I can't get into most games post 2000, but if I have access to FF3, FF7, Mario RPG, Chrono Trigger, or Secret of Mana, then you might as well pack a 24 hour kit because we're going to be here for a while. I wouldn't be called a "gamer" by any means but when it comes to 4th and 5th generation games I'll probably always love playing them. Anything after that...not for me. Turn-based is awesome. Mario RPG tho...


----------



## aaaa1111bbbb2222cccc3333 (May 10, 2015)

crimeclub said:


> I can't get into most games post 2000, but if I have access to FF3, FF7, Mario RPG, Chrono Trigger, or Secret of Mana, then you might as well pack a 24 hour kit because we're going to be here for a while. I wouldn't be called a "gamer" by any means but when it comes to 4th and 5th generation games I'll probably always love playing them. Anything after that...not for me. Turn-based is awesome. Mario RPG tho...


I loved Secret of Mana... great graphic style for the time, I still love the music... 3 players co-op mode.. Fuc-kin great.


----------



## Ignopius (Mar 19, 2013)

I enjoyed FF5, FF6, and FFX which all had turn based combat systems. I also played nearly every Pokemon game. I actually find them to have more depth and strategy than most western rpgs.


----------



## RandomGentleman (Aug 4, 2014)

AngelClare said:


> I don't get why anyone likes this. Real battles are not turn based. You don't punch someone, wait for them to kick you and then drink a potion to restore you health and increase your armor.?

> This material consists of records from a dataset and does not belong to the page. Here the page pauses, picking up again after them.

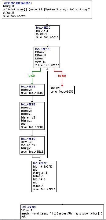 .NET Reflector之所以不能反编译,是因为XenoCode把中间语言拆成若干段,每段用br或者br.s(相当于jmp)衔接起来。至于为什么.NET Reflector不会解释成goto,我也不太清楚,估计是因为与一条完整的C#语句等价的IL程序段被拆开两半。(哪位大侠知道请指教一下)。反混淆的方法也非常直接,把代码段重新排序就可以了,反混淆的结果如图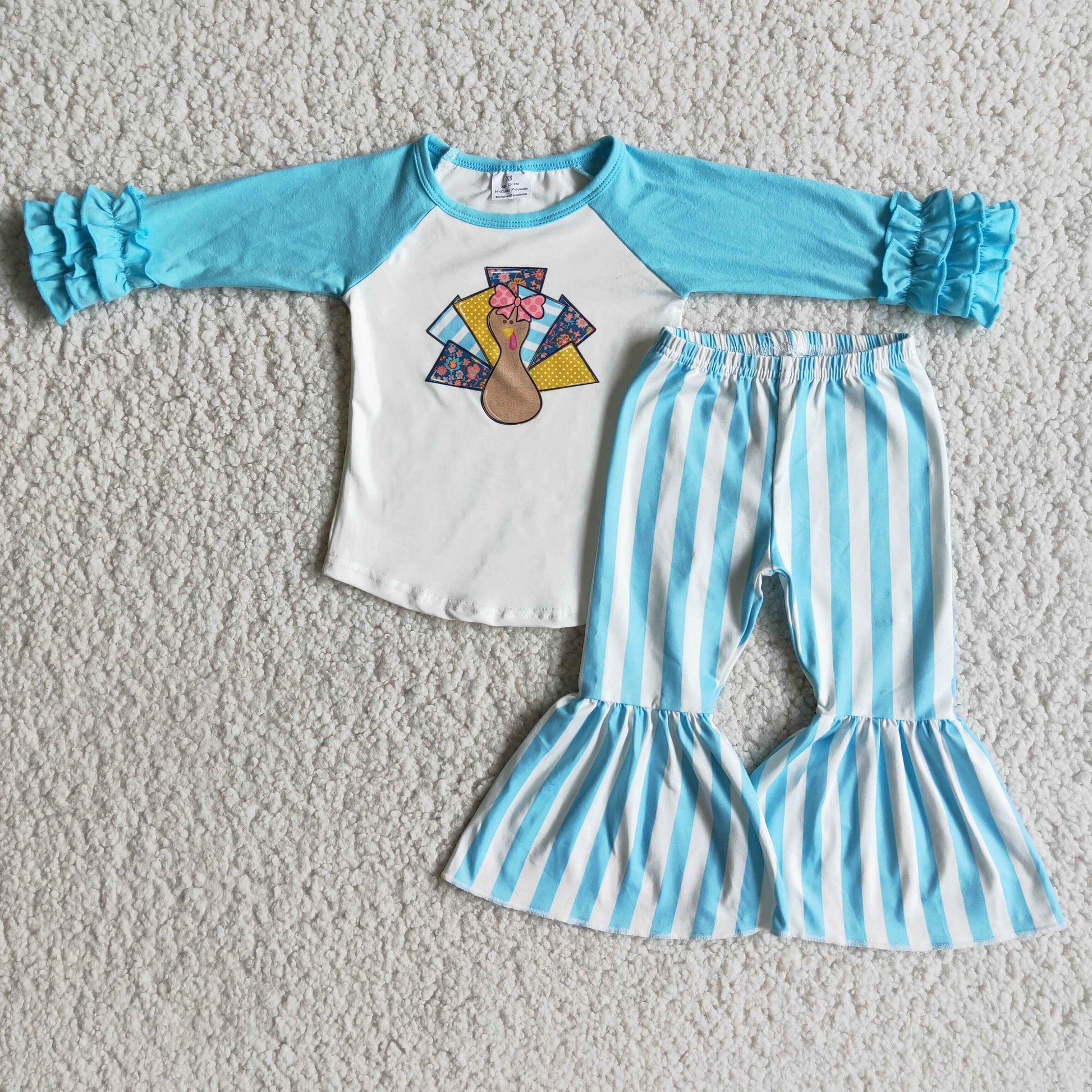 6 A4-16 Thanksgiving turkey blue striped girl set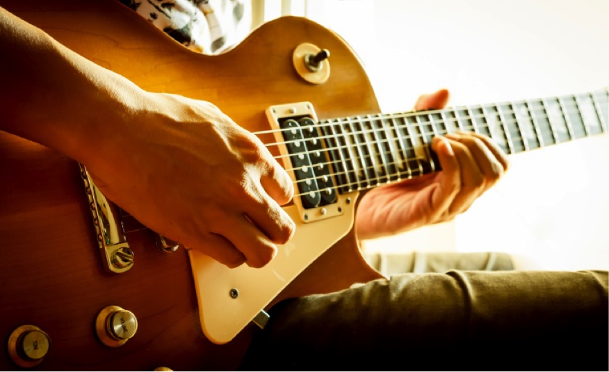 a stock photo showing someone playing a golden Les Paul guitar
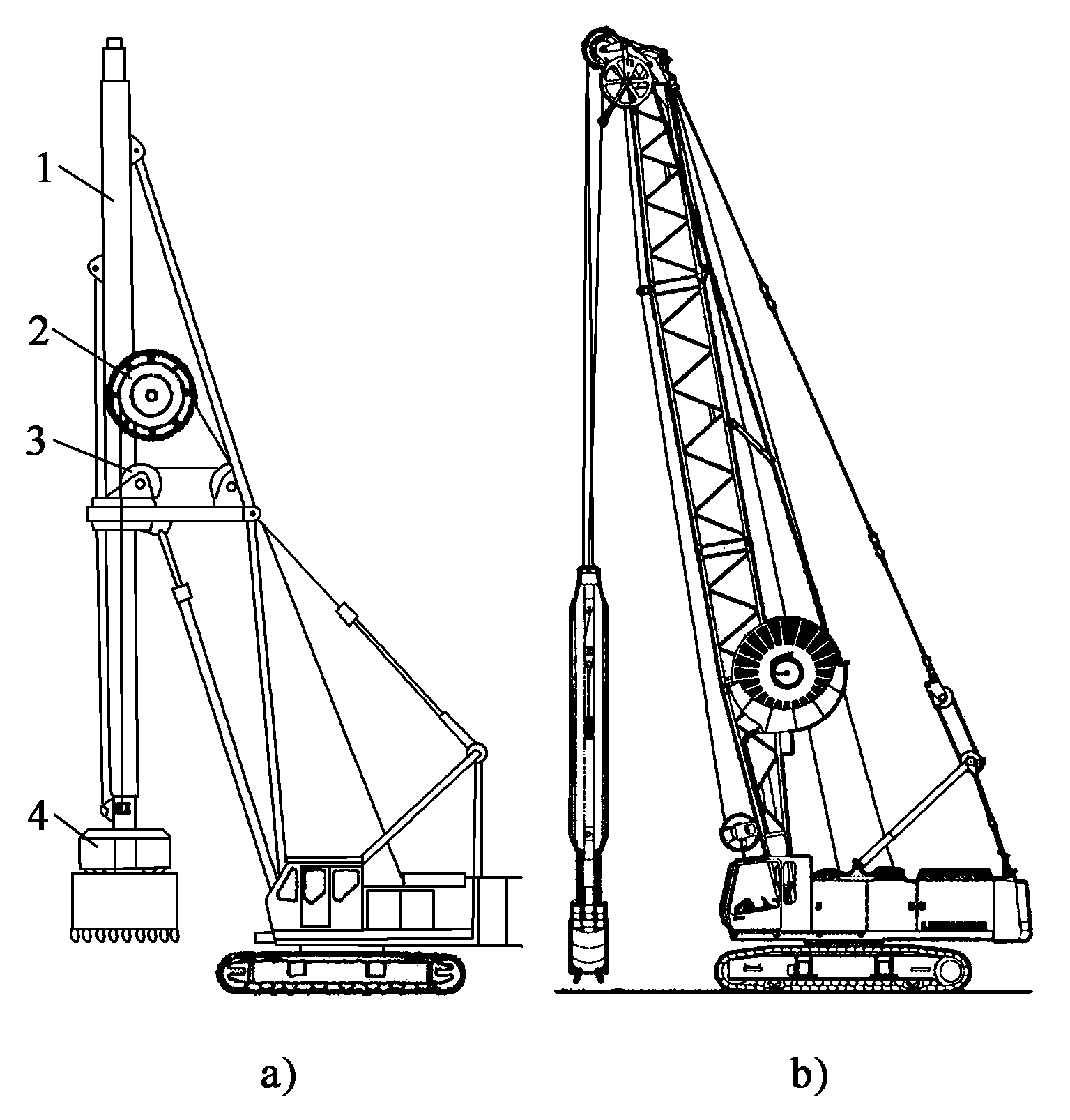 1履帶樁架;2導桿;3液壓軟管卷筒;4抓斗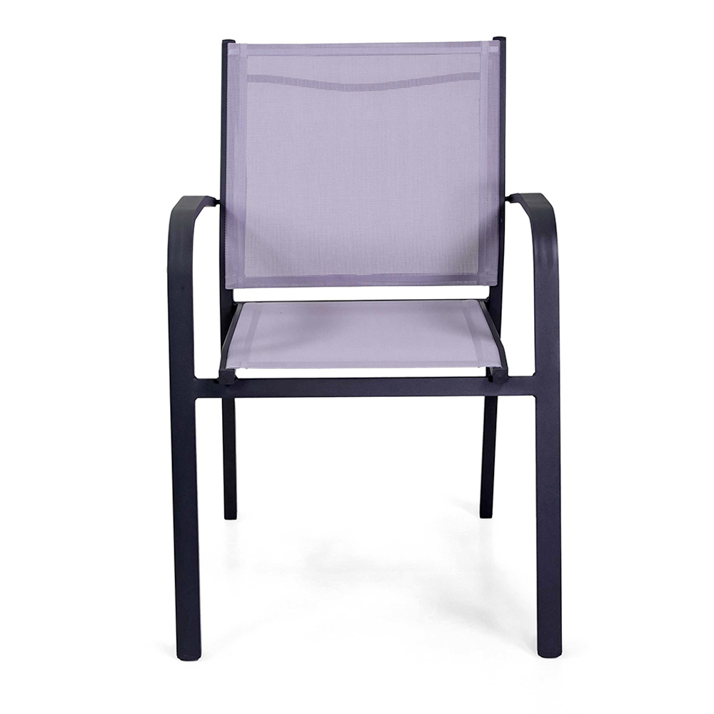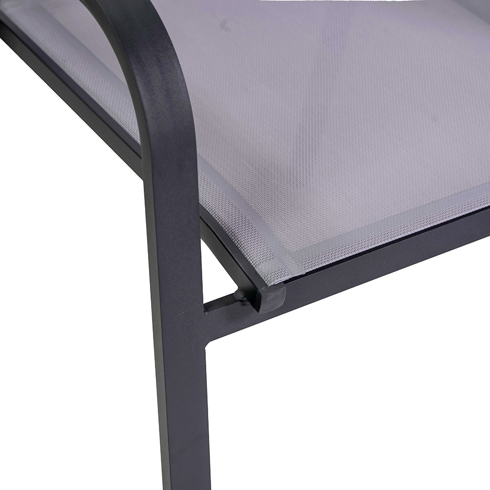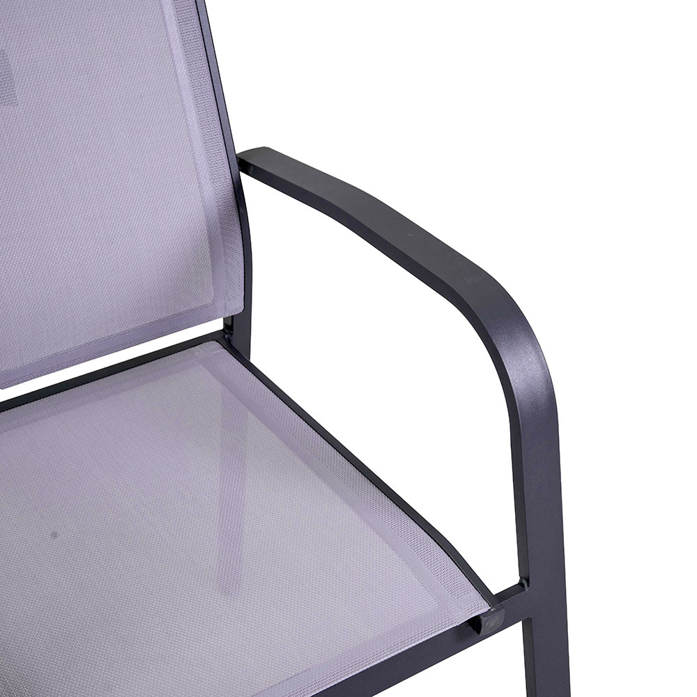 To krzesło z antracytową ramą aluminiową malowaną proszkowo reprezentuje idealną równowagę między funkcjonalnością i stylem, idealną do środowisk zewnętrznych, takich jak ogrody i tarasy. Szary textilene nie tylko nadaje mu nowoczesny i elegancki wygląd, ale także zapewnia wygodne i odporne na warunki atmosferyczne siedzisko.

I don't like first person shooters! Real people can't take dozens of bullets to the face then heal up!

I don't like side scrollers! Real people aren't barred from walking left after going a set distance right!

I don't like strategy games! Real strategists can't pause time and plan out their moves!

I don't like fighting games! Real people can't heal back all the damage they take in a round of fighting and then be perfectly fine a couple seconds later!

Oh. Wait. They're all games with game mechanics that don't exist in the real world. Not liking a mechanic is fine. Hating it because it doesn't make sense in the real world is beyond stupid.


----------



## Aribeth (Jan 14, 2012)

RandomGentleman said:


> I don't like first person shooters! Real people can't take dozens of bullets to the face then heal up!
> 
> I don't like side scrollers! Real people aren't barred from walking left after going a set distance right!
> 
> ...


You shouldn't be so politically correct. Pick something you really dislike and bash on it.


----------



## RandomGentleman (Aug 4, 2014)

Aribeth said:


> You shouldn't be so politically correct. Pick something you really dislike and bash on it.


I'm not trying to and don't plan on bashing anything. I was attempting to make the point that disliking something in a videogame because it doesn't work in the real world makes no sense. I'm not sure where political correctness fits into this.


----------



## Stray Bullet (Feb 21, 2014)

If you don't like it just play something else.


----------



## AngelClare (Jul 10, 2012)

Stray Bullet said:


> If you don't like it just play something else.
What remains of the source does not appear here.